• Instructions to follow
From the data below, repeat everything exactly except the images.

• Information supplied
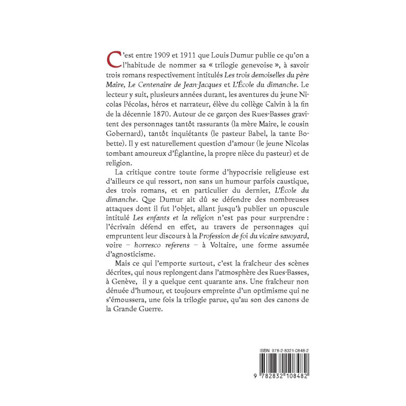C’est entre 1909 et 1911 que Louis Dumur publie ce qu’on a l’habitude de nommer sa « trilogie genevoise », à savoir trois romans respectivement intitulés Les trois demoiselles du père Maire, Le Centenaire de Jean-Jacques et L’École du dimanche. Le lecteur y suit, plusieurs années durant, les aventures du jeune Nicolas Pécolas, héros et narrateur, élève du collège Calvin à la fin de la décennie 1870. Autour de ce garçon des Rues-Basses gravitent des personnages tantôt rassurants (la mère Maire, le cousin Gobernard), tantôt inquiétants (le pasteur Babel, la tante Bobette). Il y est naturellement question d’amour (le jeune Nicolas tombant amoureux d’Églantine, la propre nièce du pasteur) et de religion.
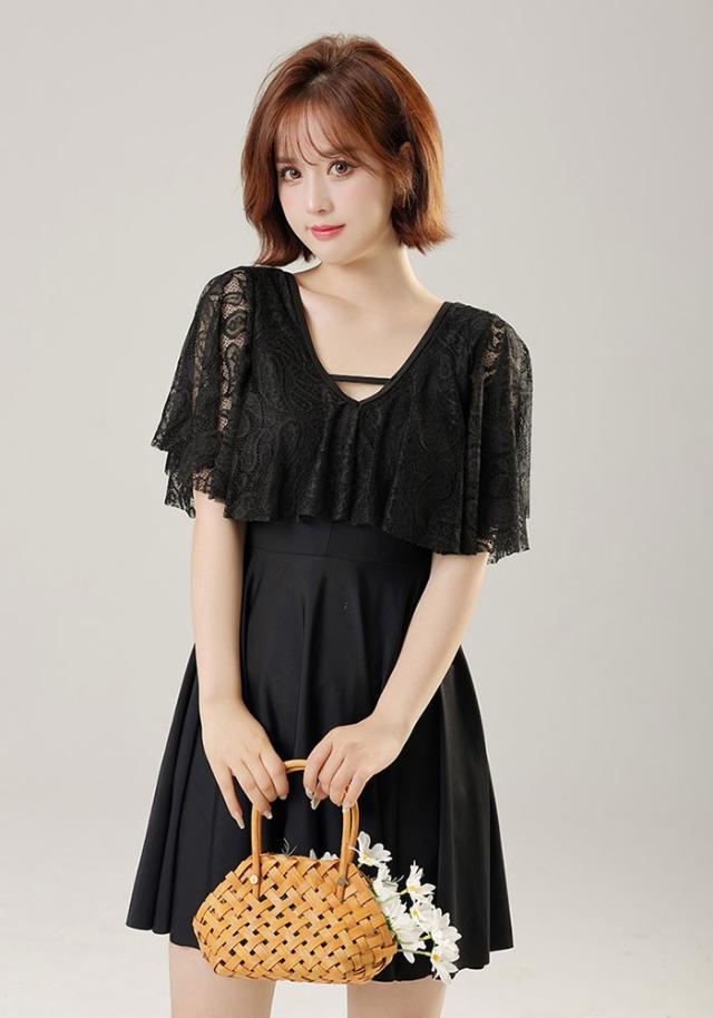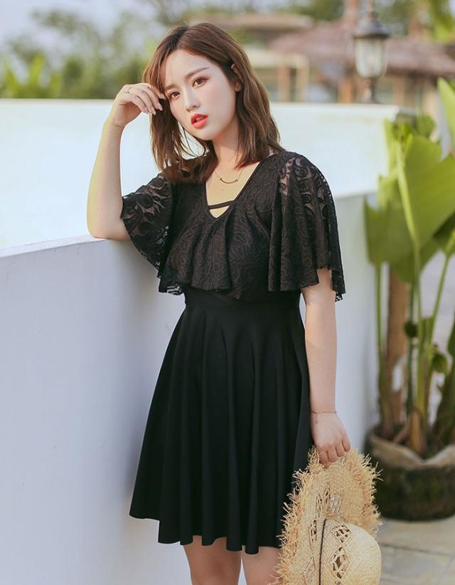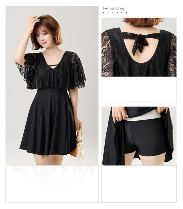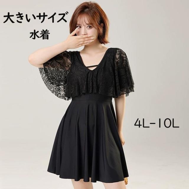 大きいサイズ水着 ワンピース水着 服みたいな レディース 半袖 体型カバー 一体型パンツ付き ワイヤーなし パッド付 水着 日焼け防止 着痩せ シンプル セクシー 写真映え 撮影用 海 夏 サマー 韓国風 女性用 大人 大きいサイズ 4L-10L ブラック mg007m6m6x7 mg007m6
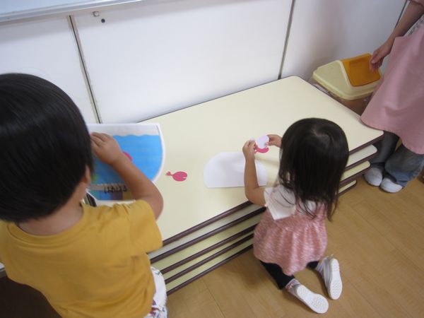 「きんぎょが逃げた」の大型絵本をみて、みんなも逃げた金魚を探しに行きました!
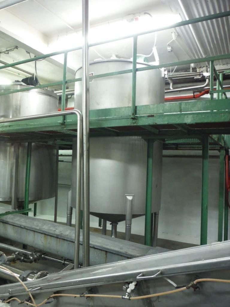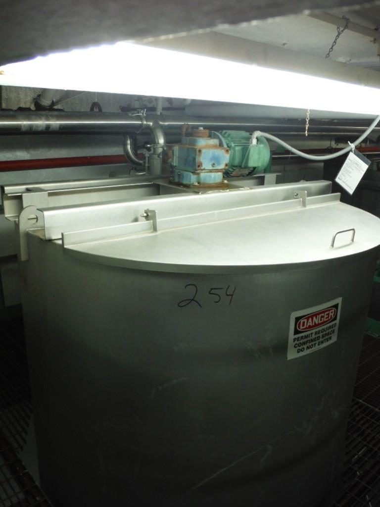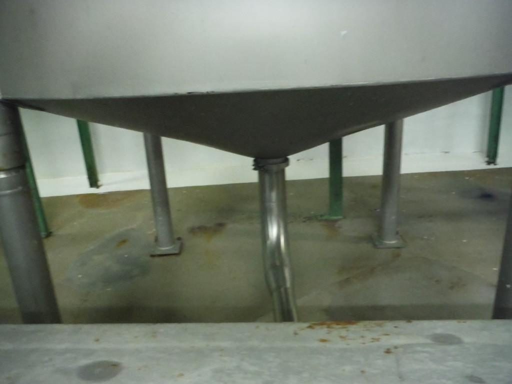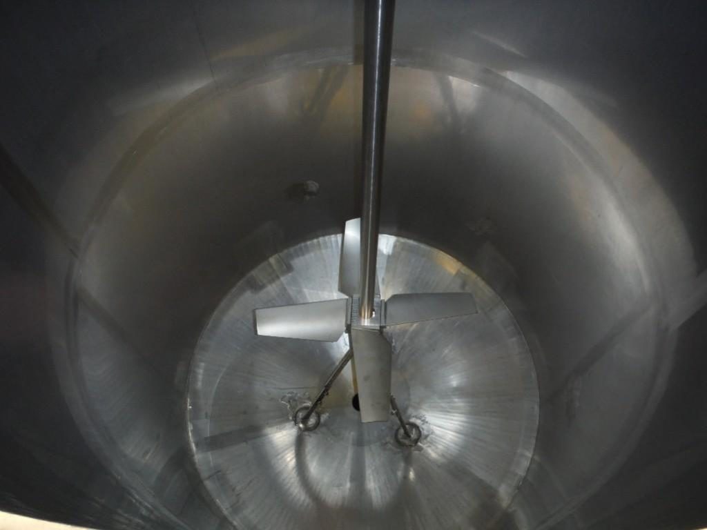 Back to All Equipment1400 gallon capacity, 316 stainless steel single wall tank. Vessel dimensions: 66" diameter x 96" deep with cone style bottom. Equipped with flip up covers, 5 Hp top mounted 30" diameter four-paddle prop agitator. Unit mounted on (4) legs with a 4¾" OD / 4" ID Tri-clamp style bottom discharge with ___" ground clearance.
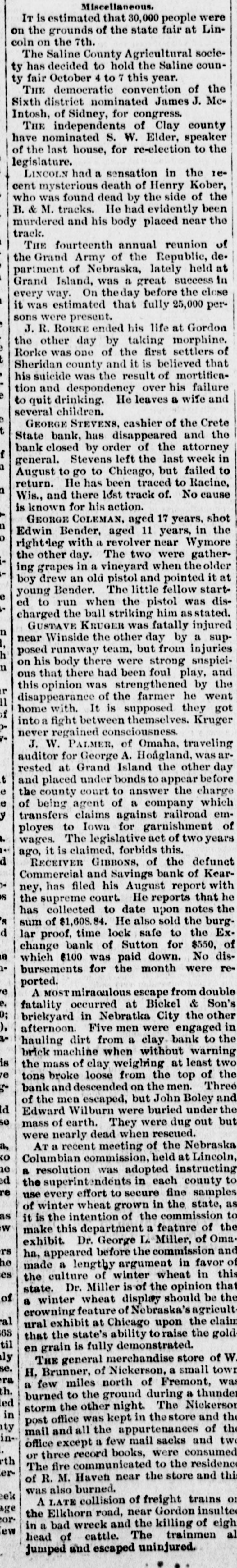IT is estimated that Miscellaneous. 30,000 people on the grounds of the state fair at coln on the 7th. The Saline County Agricultural socie ty has decided to hold the Saline ty fair October 4 to 7 this year. THE democratic convention of Sixth district nominated James J. Intosh, of Sidney, for congress. THE independents of Clay county have nominated S. W. Elder. speake of the last legislature. house, for re-election to LINCOLN had a sensation in the cent mysterious death of Henry Kober who was found dead by the side of B. & M. tracks. He had evidently track. murdered and his body placed near THE fourteenth annual reunion the Grand Army of the Republic, partment of Nebraska, lately held Grand Island, was a great success every way. On theday before the it was estimated that fully 25,000 sons were present. J. R. RORKE ended his life at Gordon the other day by taking morphine Rorke was one of the first settlers Sheridan county and it is believed tha his suicide was the result of mortifica tion and despondency over his failur to quit drinking. He leaves a wife several children. GEORGE STEVENS, cashier of the Cret State bank, has disappeared and bank closed by order of the attorne general. Stevens left the last week August to go to Chicago, but failed return. He has been traced to Racine Wis., and there lost track of. No is known for his action. GEORGE COLEMAN, aged 17 years, Edwin Bender, aged 11 years, in rightleg with a revolver near Wymor the other day. The two were gather ing grapes in a vineyard when the boy drew an old pistol and pointed it young Bender. The little fellow ed to run when the pistol was charged the ball striking him as stated GUSTAVE Kruger was fatally injure near Winside the other day by a posed runaway team, but from injurie on his body there were strong suspie ous that there had been foul play, this opinion was strengthened by disappearance of the farmer he home with. It is supposed they into a fight between themselves. Kruge never regained consciousness. J. W. PALMER, of Omaha, travelin auditor for George A. Hoågland, was rested at Grand Island the other and placed under bonds to appear be the county court to answer the charg of being agent of a company whic transfers claims against railroad ployes to Iowa for garnishment wages. The legislative act of two ago, it is claimed, forbids this. RECEIVER GIBBONS, of the defund Commercial and Savings bank of ney, has filed his August report the supreme court He reports that has collected to date upon notes sum of $1,608.84. He also sold the burg $550 for lar change proof, bank time of lock Sutton safe to the
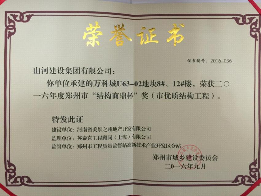 近日,从郑州市城乡建设委员会再次传来喜讯,D体育(中国)D体育(中国)河南公司承建的万科城U63-02地块的8#、12#楼荣获2016年度郑州市“结构商鼎杯”(市优质结构工程)奖。这是该项目继2016年3月获得“郑州市建筑施工安全生产标准化示范项目”后,再获殊荣。
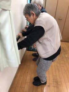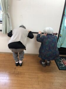 外に出ることが難しい日には室内での足上げ運動を行いました。
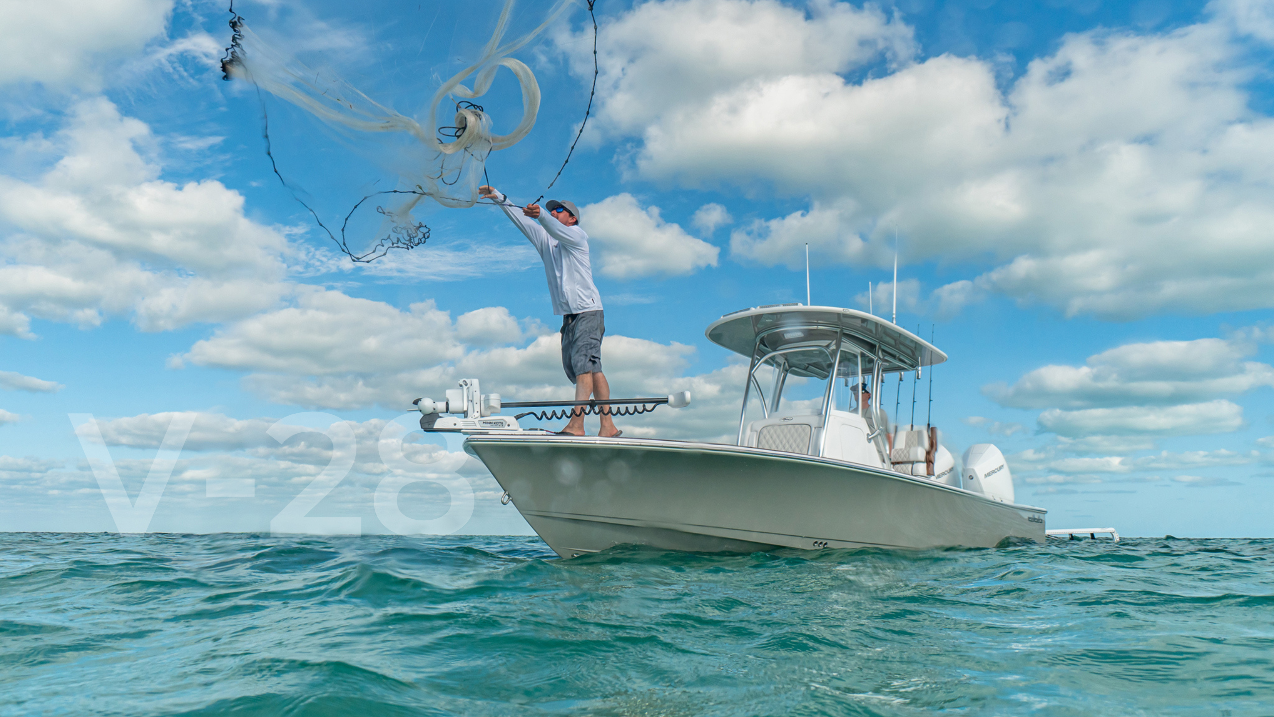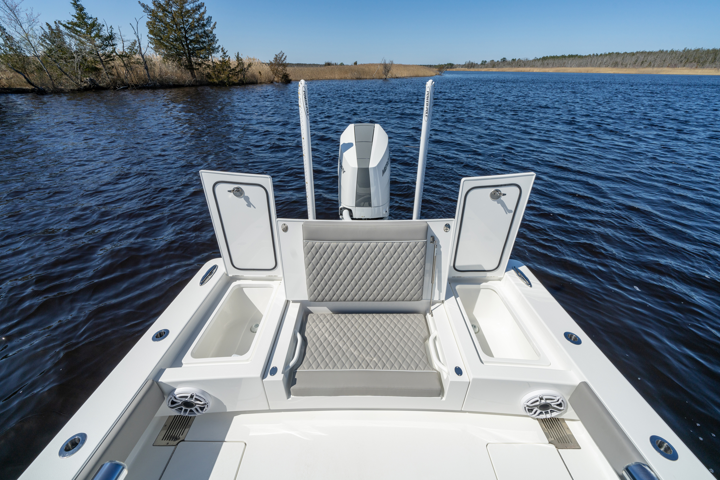 When it comes to seating, the V-28 gives you a range of options to choose from. You can enjoy a flip-up bench seat on the aft casting deck, a leaning post or helm seat module, and a console seat. And for added comfort on the bow casting deck, you have the choice to add seat cushions and teak backrests.
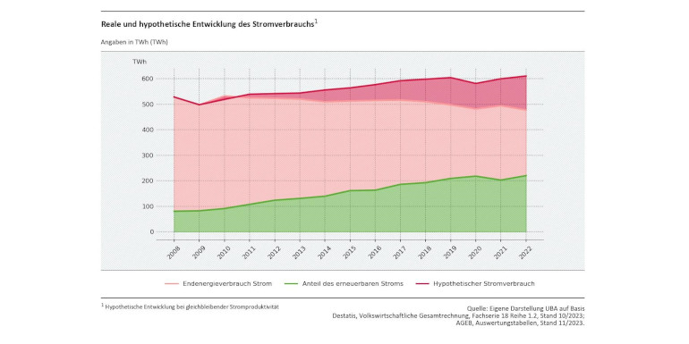 Abb. 8: Reale und hypothetische Entwicklung des Stromverbrauchs

• Result of this exercise
C’est entre 1909 et 1911 que Louis Dumur publie ce qu’on a l’habitude de nommer sa « trilogie genevoise », à savoir trois romans respectivement intitulés Les trois demoiselles du père Maire, Le Centenaire de Jean-Jacques et L’École du dimanche. Le lecteur y suit, plusieurs années durant, les aventures du jeune Nicolas Pécolas, héros et narrateur, élève du collège Calvin à la fin de la décennie 1870. Autour de ce garçon des Rues-Basses gravitent des personnages tantôt rassurants (la mère Maire, le cousin Gobernard), tantôt inquiétants (le pasteur Babel, la tante Bobette). Il y est naturellement question d’amour (le jeune Nicolas tombant amoureux d’Églantine, la propre nièce du pasteur) et de religion.
 大きいサイズ水着 ワンピース水着 服みたいな レディース 半袖 体型カバー 一体型パンツ付き ワイヤーなし パッド付 水着 日焼け防止 着痩せ シンプル セクシー 写真映え 撮影用 海 夏 サマー 韓国風 女性用 大人 大きいサイズ 4L-10L ブラック mg007m6m6x7 mg007m6
 「きんぎょが逃げた」の大型絵本をみて、みんなも逃げた金魚を探しに行きました!
 Back to All Equipment1400 gallon capacity, 316 stainless steel single wall tank. Vessel dimensions: 66" diameter x 96" deep with cone style bottom. Equipped with flip up covers, 5 Hp top mounted 30" diameter four-paddle prop agitator. Unit mounted on (4) legs with a 4¾" OD / 4" ID Tri-clamp style bottom discharge with ___" ground clearance.
IT is estimated that Miscellaneous. 30,000 people on the grounds of the state fair at coln on the 7th. The Saline County Agricultural socie ty has decided to hold the Saline ty fair October 4 to 7 this year. THE democratic convention of Sixth district nominated James J. Intosh, of Sidney, for congress. THE independents of Clay county have nominated S. W. Elder. speake of the last legislature. house, for re-election to LINCOLN had a sensation in the cent mysterious death of Henry Kober who was found dead by the side of B. & M. tracks. He had evidently track. murdered and his body placed near THE fourteenth annual reunion the Grand Army of the Republic, partment of Nebraska, lately held Grand Island, was a great success every way. On theday before the it was estimated that fully 25,000 sons were present. J. R. RORKE ended his life at Gordon the other day by taking morphine Rorke was one of the first settlers Sheridan county and it is believed tha his suicide was the result of mortifica tion and despondency over his failur to quit drinking. He leaves a wife several children. GEORGE STEVENS, cashier of the Cret State bank, has disappeared and bank closed by order of the attorne general. Stevens left the last week August to go to Chicago, but failed return. He has been traced to Racine Wis., and there lost track of. No is known for his action. GEORGE COLEMAN, aged 17 years, Edwin Bender, aged 11 years, in rightleg with a revolver near Wymor the other day. The two were gather ing grapes in a vineyard when the boy drew an old pistol and pointed it young Bender. The little fellow ed to run when the pistol was charged the ball striking him as stated GUSTAVE Kruger was fatally injure near Winside the other day by a posed runaway team, but from injurie on his body there were strong suspie ous that there had been foul play, this opinion was strengthened by disappearance of the farmer he home with. It is supposed they into a fight between themselves. Kruge never regained consciousness. J. W. PALMER, of Omaha, travelin auditor for George A. Hoågland, was rested at Grand Island the other and placed under bonds to appear be the county court to answer the charg of being agent of a company whic transfers claims against railroad ployes to Iowa for garnishment wages. The legislative act of two ago, it is claimed, forbids this. RECEIVER GIBBONS, of the defund Commercial and Savings bank of ney, has filed his August report the supreme court He reports that has collected to date upon notes sum of $1,608.84. He also sold the burg $550 for lar change proof, bank time of lock Sutton safe to the
 近日,从郑州市城乡建设委员会再次传来喜讯,D体育(中国)D体育(中国)河南公司承建的万科城U63-02地块的8#、12#楼荣获2016年度郑州市“结构商鼎杯”(市优质结构工程)奖。这是该项目继2016年3月获得“郑州市建筑施工安全生产标准化示范项目”后,再获殊荣。
 外に出ることが難しい日には室内での足上げ運動を行いました。
 When it comes to seating, the V-28 gives you a range of options to choose from. You can enjoy a flip-up bench seat on the aft casting deck, a leaning post or helm seat module, and a console seat. And for added comfort on the bow casting deck, you have the choice to add seat cushions and teak backrests.
 Abb. 8: Reale und hypothetische Entwicklung des Stromverbrauchs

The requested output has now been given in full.